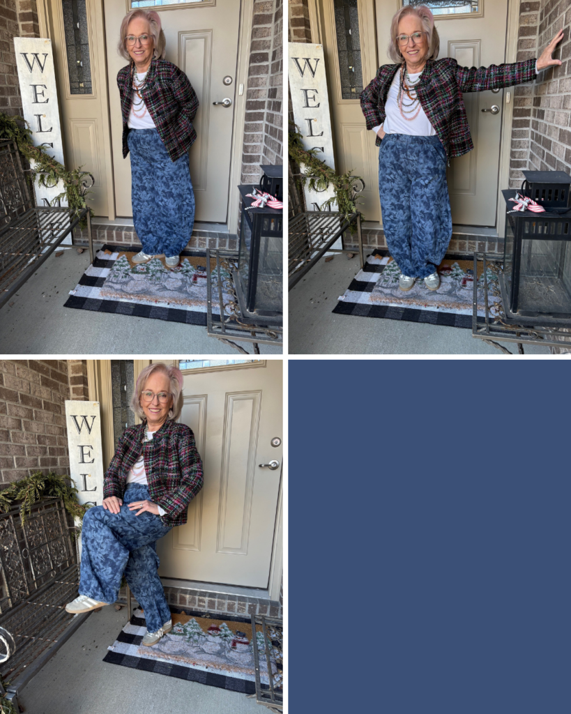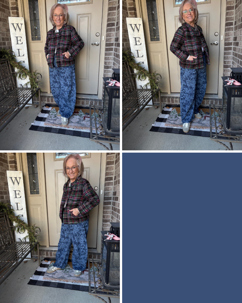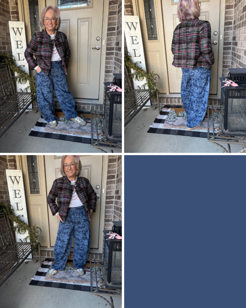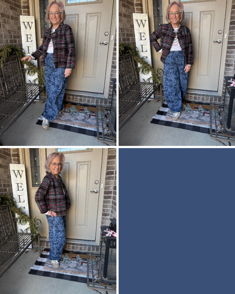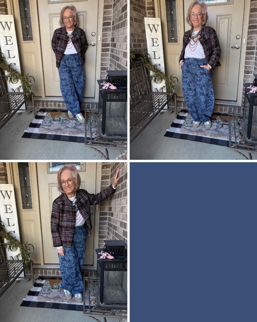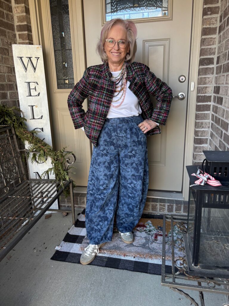 Is it ironic that the last Ageless Style challenge involved barrel jeans? Well, I took them a little bit farther with this pair. Alison from Wardrobe Oxygen posted about these horseshoe jeans from Gap. So, I thought I’d give them a try. I wasn’t sure if they might be a little bit too much, if maybe they were a little too voluminous, a little too clown-esque. Well, Nigel loved them! He rarely gives his opinion so when he does, I listen. They were on sale which was even better. But, the blue floral ones were calling my name. The angel on my shoulder was telling me, “Hey, those probably won’t even be in style this summer.” The little red guy on the other shoulder was saying, “Life is short, buy them!” Guess who won? Believe it or not, this tweed (or is it tweed-like) jacket is somewhere around 12 years old. It’s from the Michael Smaldone Talbots era…back when Talbots really was fashion. I also had a matching skirt with a trumpet hemline. I donated that years ago, but for some reason I held onto this jacket. I always loved the colors and the bracelet length sleeves. It even has pockets! I added one of my white Luxe Old Navy long sleeve tees. Does it work? Hmmm…I think so, but I couldn’t tell you why.
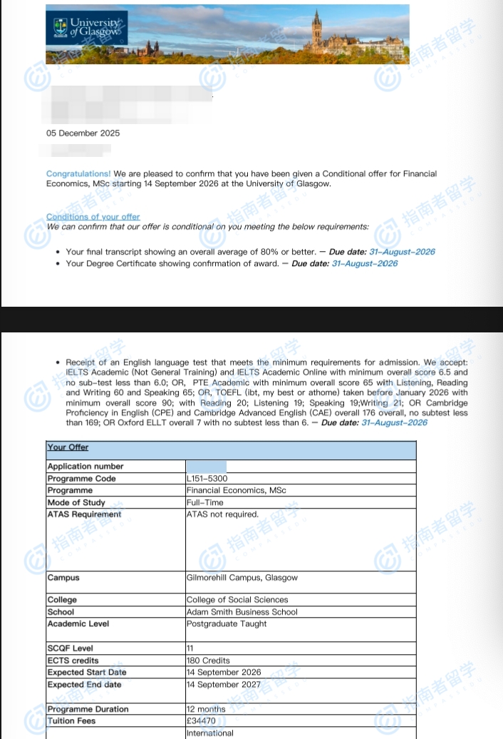 格拉斯哥大学金融经济学理学硕士研究生offer一枚
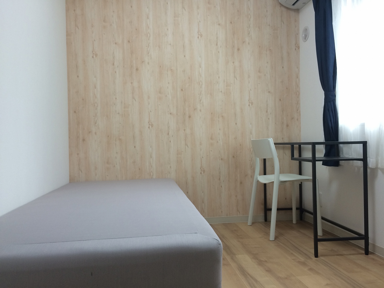 | 部屋設備 | エアコン・机・椅子・冷蔵庫・ベット・収納ラック・カーテン・室内物干し |
***
• [BRIEF] Restate every line above exactly, omitting images.

• [PROBLEM SOLUTION]
 Is it ironic that the last Ageless Style challenge involved barrel jeans? Well, I took them a little bit farther with this pair. Alison from Wardrobe Oxygen posted about these horseshoe jeans from Gap. So, I thought I’d give them a try. I wasn’t sure if they might be a little bit too much, if maybe they were a little too voluminous, a little too clown-esque. Well, Nigel loved them! He rarely gives his opinion so when he does, I listen. They were on sale which was even better. But, the blue floral ones were calling my name. The angel on my shoulder was telling me, “Hey, those probably won’t even be in style this summer.” The little red guy on the other shoulder was saying, “Life is short, buy them!” Guess who won? Believe it or not, this tweed (or is it tweed-like) jacket is somewhere around 12 years old. It’s from the Michael Smaldone Talbots era…back when Talbots really was fashion. I also had a matching skirt with a trumpet hemline. I donated that years ago, but for some reason I held onto this jacket. I always loved the colors and the bracelet length sleeves. It even has pockets! I added one of my white Luxe Old Navy long sleeve tees. Does it work? Hmmm…I think so, but I couldn’t tell you why.
 格拉斯哥大学金融经济学理学硕士研究生offer一枚
 | 部屋設備 | エアコン・机・椅子・冷蔵庫・ベット・収納ラック・カーテン・室内物干し |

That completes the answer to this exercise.